=== Begin Enclosure ===

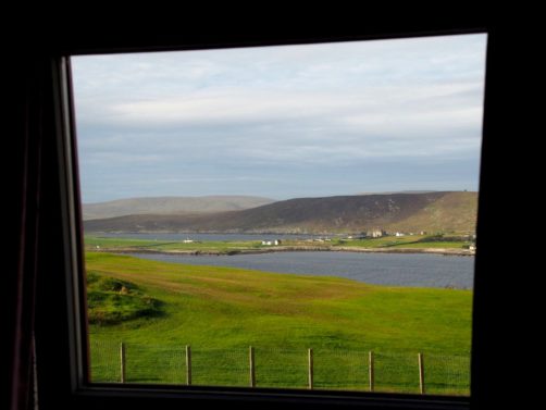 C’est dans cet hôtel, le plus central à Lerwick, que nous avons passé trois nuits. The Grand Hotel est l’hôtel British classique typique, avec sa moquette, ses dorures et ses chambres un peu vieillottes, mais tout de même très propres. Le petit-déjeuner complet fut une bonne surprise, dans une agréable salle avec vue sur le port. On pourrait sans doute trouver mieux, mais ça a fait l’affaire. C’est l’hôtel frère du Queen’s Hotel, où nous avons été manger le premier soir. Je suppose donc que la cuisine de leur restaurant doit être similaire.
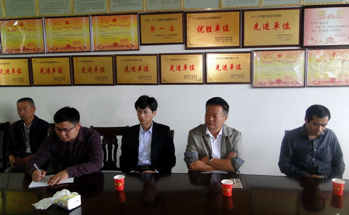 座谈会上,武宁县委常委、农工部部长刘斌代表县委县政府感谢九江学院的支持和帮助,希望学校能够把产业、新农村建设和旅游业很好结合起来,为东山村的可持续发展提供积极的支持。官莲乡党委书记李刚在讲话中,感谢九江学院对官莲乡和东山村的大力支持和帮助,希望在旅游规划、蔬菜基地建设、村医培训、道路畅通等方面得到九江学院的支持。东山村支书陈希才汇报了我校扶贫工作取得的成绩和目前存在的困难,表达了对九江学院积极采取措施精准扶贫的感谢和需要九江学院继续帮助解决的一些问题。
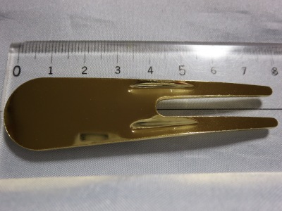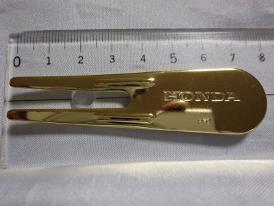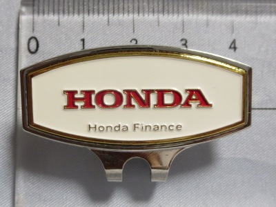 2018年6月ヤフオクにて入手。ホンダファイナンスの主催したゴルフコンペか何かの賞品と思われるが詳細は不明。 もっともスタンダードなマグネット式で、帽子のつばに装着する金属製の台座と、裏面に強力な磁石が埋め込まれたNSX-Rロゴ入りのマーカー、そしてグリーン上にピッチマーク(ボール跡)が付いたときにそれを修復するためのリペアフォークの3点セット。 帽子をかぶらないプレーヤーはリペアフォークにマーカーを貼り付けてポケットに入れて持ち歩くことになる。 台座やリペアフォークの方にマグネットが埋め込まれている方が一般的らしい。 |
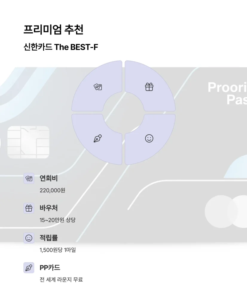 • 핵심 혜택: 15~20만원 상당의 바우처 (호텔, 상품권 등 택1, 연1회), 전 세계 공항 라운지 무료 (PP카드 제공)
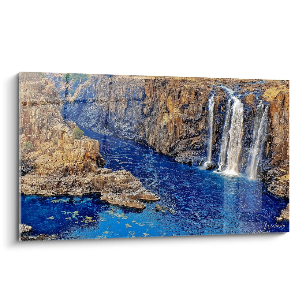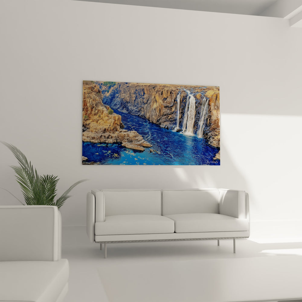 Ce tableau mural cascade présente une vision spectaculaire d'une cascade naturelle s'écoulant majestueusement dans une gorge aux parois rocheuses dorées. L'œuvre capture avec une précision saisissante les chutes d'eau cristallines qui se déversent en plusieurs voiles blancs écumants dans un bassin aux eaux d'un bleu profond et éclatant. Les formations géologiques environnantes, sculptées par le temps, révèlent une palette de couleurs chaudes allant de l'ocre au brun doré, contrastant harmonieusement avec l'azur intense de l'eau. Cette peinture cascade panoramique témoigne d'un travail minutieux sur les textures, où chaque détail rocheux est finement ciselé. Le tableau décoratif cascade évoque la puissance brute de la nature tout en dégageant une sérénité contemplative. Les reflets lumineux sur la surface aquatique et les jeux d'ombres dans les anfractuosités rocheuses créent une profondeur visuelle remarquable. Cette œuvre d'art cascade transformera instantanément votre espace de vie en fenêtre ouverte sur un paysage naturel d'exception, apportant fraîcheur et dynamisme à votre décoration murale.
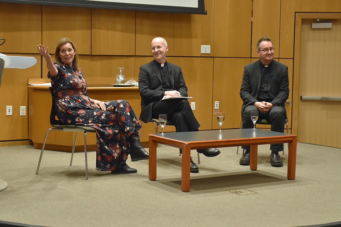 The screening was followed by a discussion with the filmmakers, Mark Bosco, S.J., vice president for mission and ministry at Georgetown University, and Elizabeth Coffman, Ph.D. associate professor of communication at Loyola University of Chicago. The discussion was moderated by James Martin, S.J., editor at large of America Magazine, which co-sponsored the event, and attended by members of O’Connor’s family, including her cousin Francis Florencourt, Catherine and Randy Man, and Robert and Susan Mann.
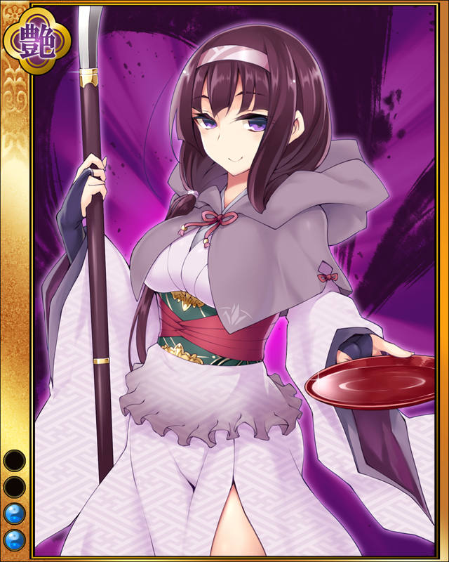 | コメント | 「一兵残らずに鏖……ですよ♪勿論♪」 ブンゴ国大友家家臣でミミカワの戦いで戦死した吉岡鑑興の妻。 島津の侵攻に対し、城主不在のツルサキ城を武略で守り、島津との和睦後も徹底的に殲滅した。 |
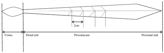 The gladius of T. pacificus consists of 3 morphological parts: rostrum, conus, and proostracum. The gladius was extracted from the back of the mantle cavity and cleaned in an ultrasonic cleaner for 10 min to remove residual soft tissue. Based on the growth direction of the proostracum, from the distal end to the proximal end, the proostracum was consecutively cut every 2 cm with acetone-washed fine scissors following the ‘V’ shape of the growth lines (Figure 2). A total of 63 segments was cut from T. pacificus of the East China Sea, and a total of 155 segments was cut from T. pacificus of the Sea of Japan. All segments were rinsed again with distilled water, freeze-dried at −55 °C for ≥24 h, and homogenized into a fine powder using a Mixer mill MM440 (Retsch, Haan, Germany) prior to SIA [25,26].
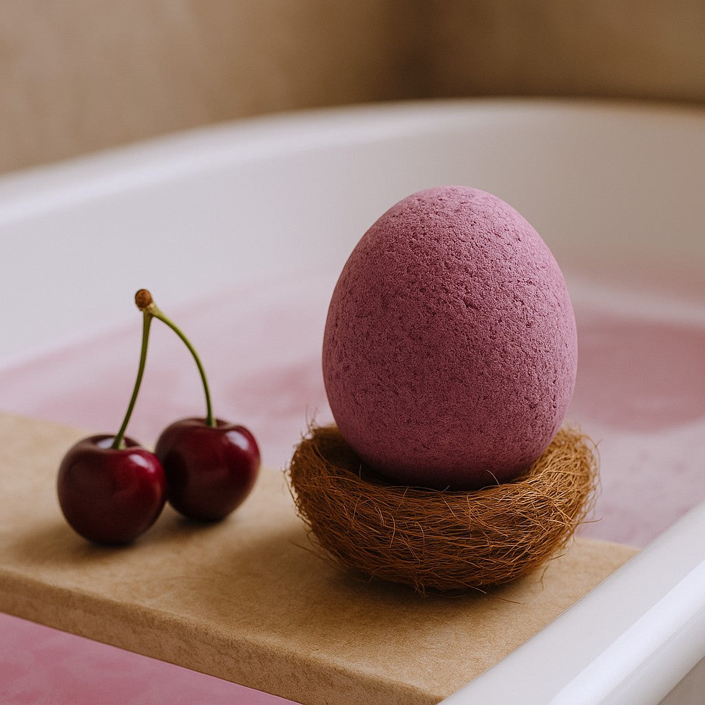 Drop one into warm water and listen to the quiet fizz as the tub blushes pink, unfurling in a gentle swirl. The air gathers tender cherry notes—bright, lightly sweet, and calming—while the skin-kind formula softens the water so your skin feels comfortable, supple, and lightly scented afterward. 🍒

=== End Enclosure ===
=== Begin Enclosure ===

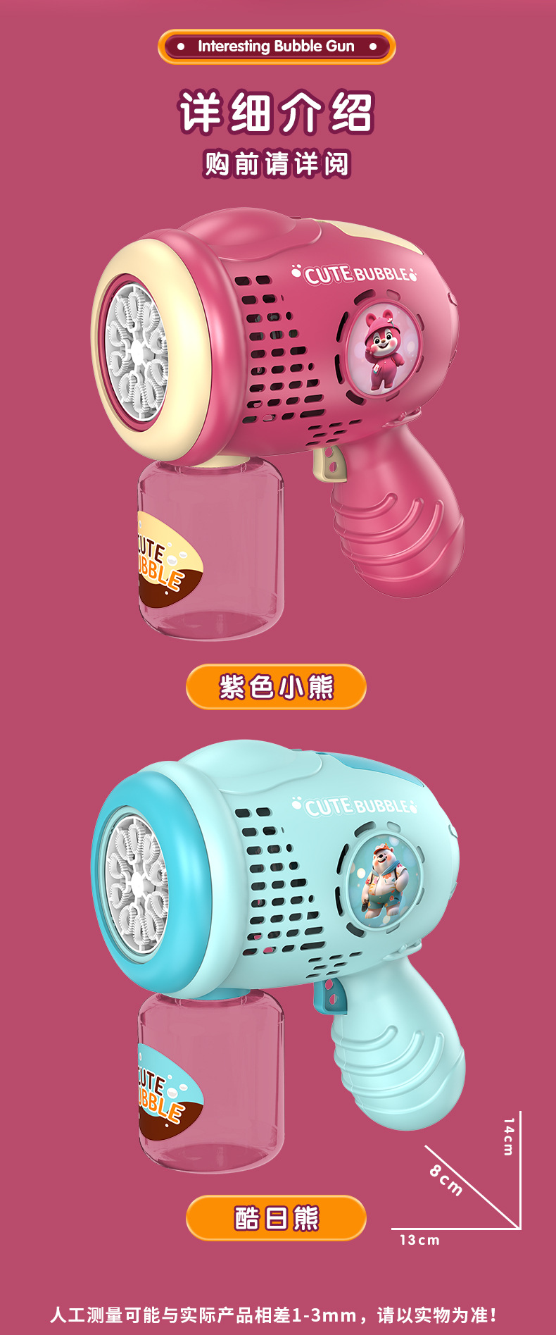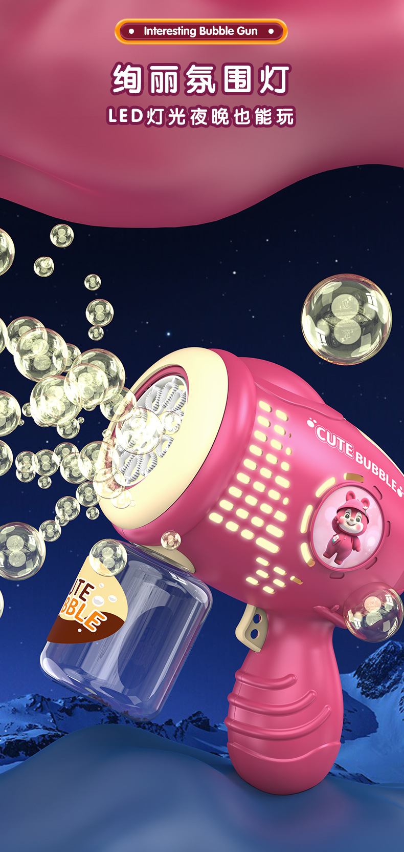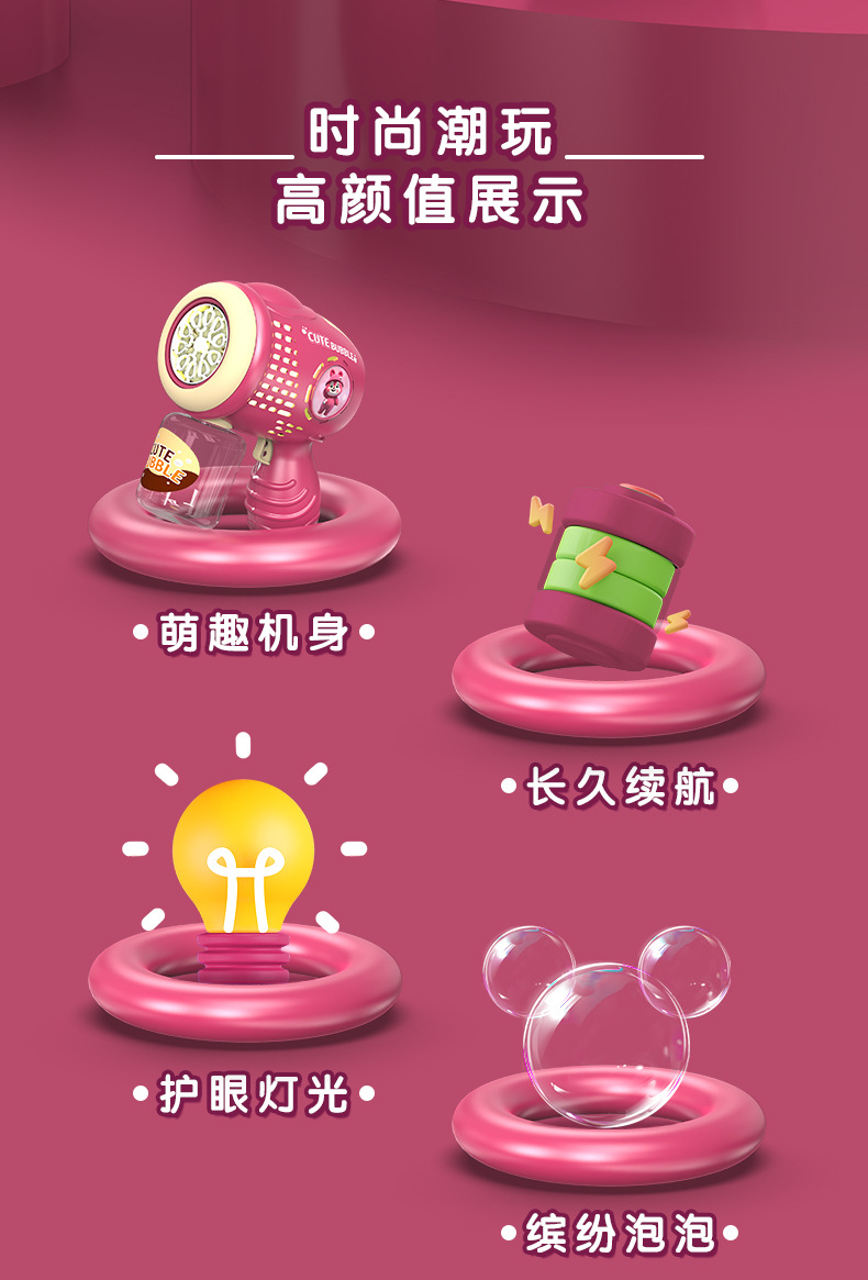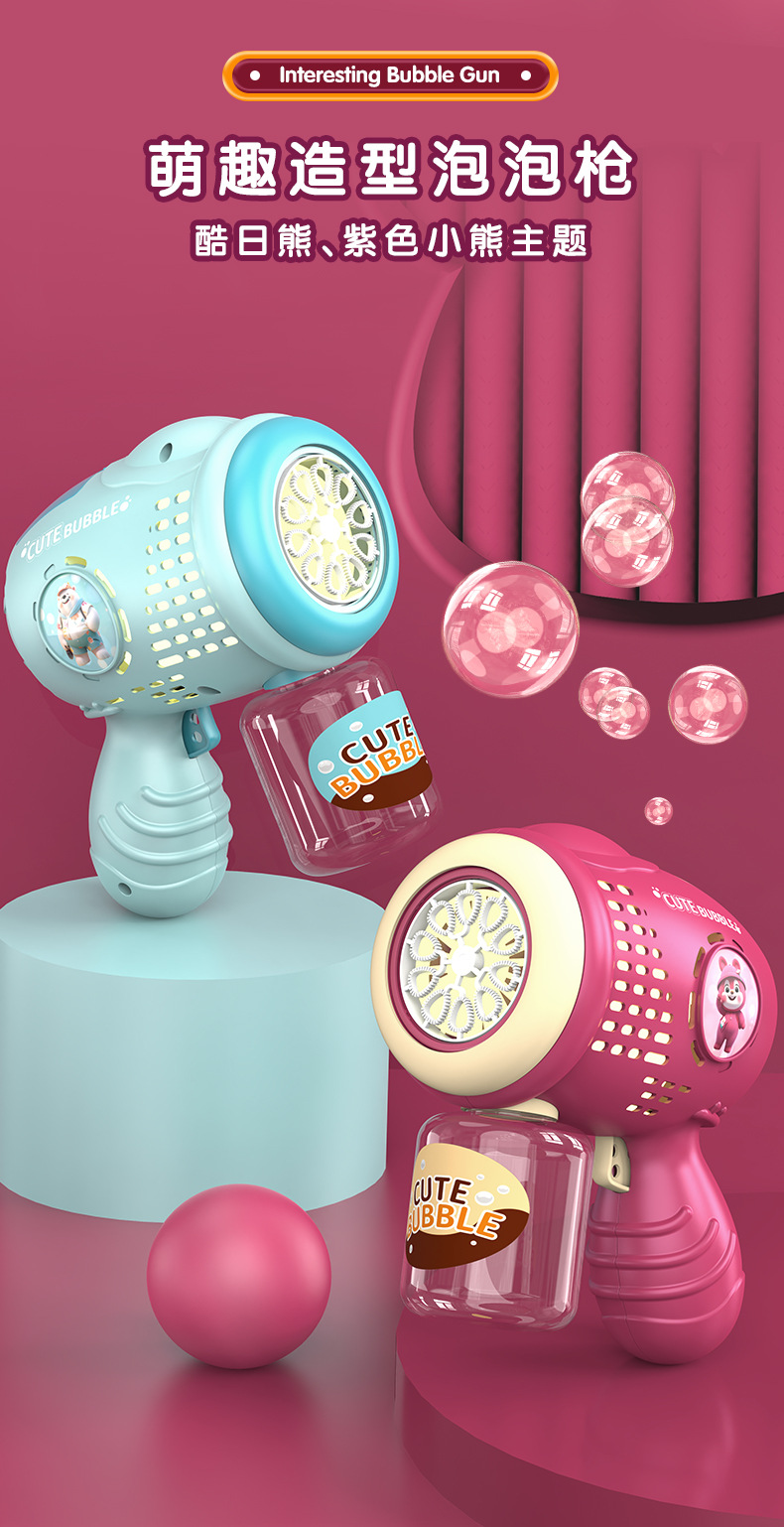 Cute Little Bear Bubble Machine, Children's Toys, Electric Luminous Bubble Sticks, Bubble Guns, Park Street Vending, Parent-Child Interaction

=== End Enclosure ===
=== Begin Enclosure ===

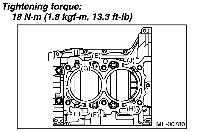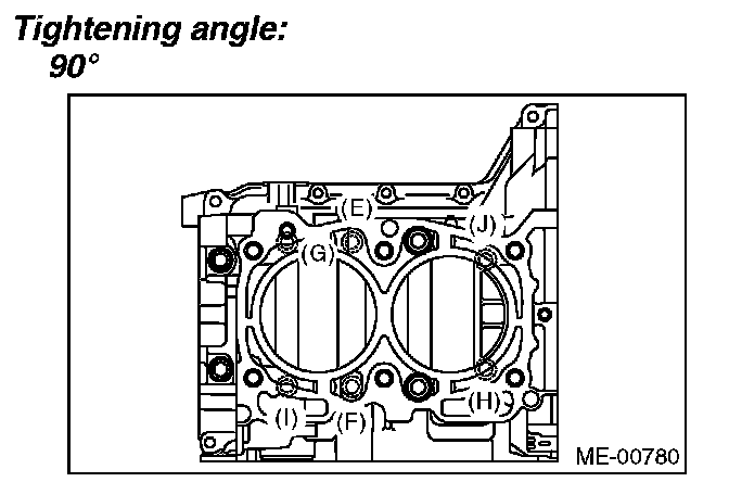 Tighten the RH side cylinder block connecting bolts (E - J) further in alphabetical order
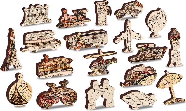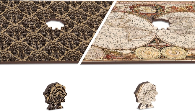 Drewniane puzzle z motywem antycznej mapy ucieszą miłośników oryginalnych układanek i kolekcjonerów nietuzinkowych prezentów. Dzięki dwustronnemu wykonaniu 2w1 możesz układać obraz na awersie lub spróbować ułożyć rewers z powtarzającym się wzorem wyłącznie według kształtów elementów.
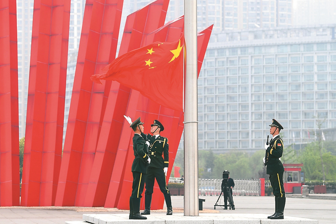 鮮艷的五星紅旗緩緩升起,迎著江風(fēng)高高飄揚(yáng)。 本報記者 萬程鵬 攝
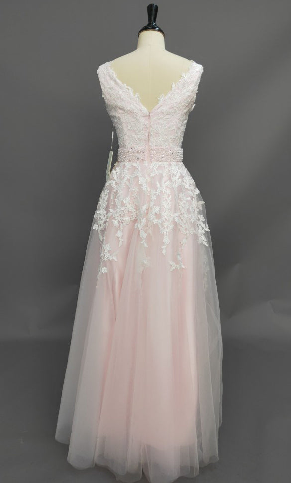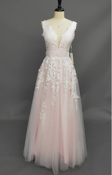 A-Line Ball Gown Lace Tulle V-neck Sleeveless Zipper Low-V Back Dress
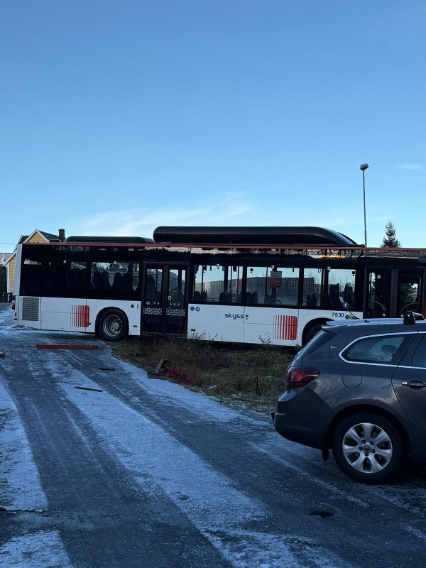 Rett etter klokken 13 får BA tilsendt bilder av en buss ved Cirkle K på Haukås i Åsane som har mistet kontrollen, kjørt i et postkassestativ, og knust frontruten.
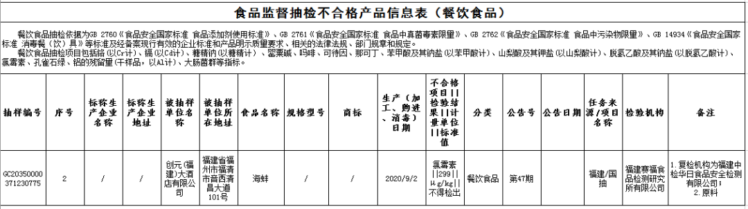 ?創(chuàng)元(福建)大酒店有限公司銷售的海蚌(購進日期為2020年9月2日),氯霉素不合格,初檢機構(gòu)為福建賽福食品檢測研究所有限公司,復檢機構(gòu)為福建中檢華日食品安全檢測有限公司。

=== End Enclosure ===

__The task__: Copy the entries above exactly, but only the stretch from the line containing "C’est dans cet" through the line containing "무료 (PP카드 제공)". Keep both end lines; drop the pictures.

__Solution for this problem__:
 C’est dans cet hôtel, le plus central à Lerwick, que nous avons passé trois nuits. The Grand Hotel est l’hôtel British classique typique, avec sa moquette, ses dorures et ses chambres un peu vieillottes, mais tout de même très propres. Le petit-déjeuner complet fut une bonne surprise, dans une agréable salle avec vue sur le port. On pourrait sans doute trouver mieux, mais ça a fait l’affaire. C’est l’hôtel frère du Queen’s Hotel, où nous avons été manger le premier soir. Je suppose donc que la cuisine de leur restaurant doit être similaire.
 座谈会上,武宁县委常委、农工部部长刘斌代表县委县政府感谢九江学院的支持和帮助,希望学校能够把产业、新农村建设和旅游业很好结合起来,为东山村的可持续发展提供积极的支持。官莲乡党委书记李刚在讲话中,感谢九江学院对官莲乡和东山村的大力支持和帮助,希望在旅游规划、蔬菜基地建设、村医培训、道路畅通等方面得到九江学院的支持。东山村支书陈希才汇报了我校扶贫工作取得的成绩和目前存在的困难,表达了对九江学院积极采取措施精准扶贫的感谢和需要九江学院继续帮助解决的一些问题。
 2018年6月ヤフオクにて入手。ホンダファイナンスの主催したゴルフコンペか何かの賞品と思われるが詳細は不明。 もっともスタンダードなマグネット式で、帽子のつばに装着する金属製の台座と、裏面に強力な磁石が埋め込まれたNSX-Rロゴ入りのマーカー、そしてグリーン上にピッチマーク(ボール跡)が付いたときにそれを修復するためのリペアフォークの3点セット。 帽子をかぶらないプレーヤーはリペアフォークにマーカーを貼り付けてポケットに入れて持ち歩くことになる。 台座やリペアフォークの方にマグネットが埋め込まれている方が一般的らしい。 |
 • 핵심 혜택: 15~20만원 상당의 바우처 (호텔, 상품권 등 택1, 연1회), 전 세계 공항 라운지 무료 (PP카드 제공)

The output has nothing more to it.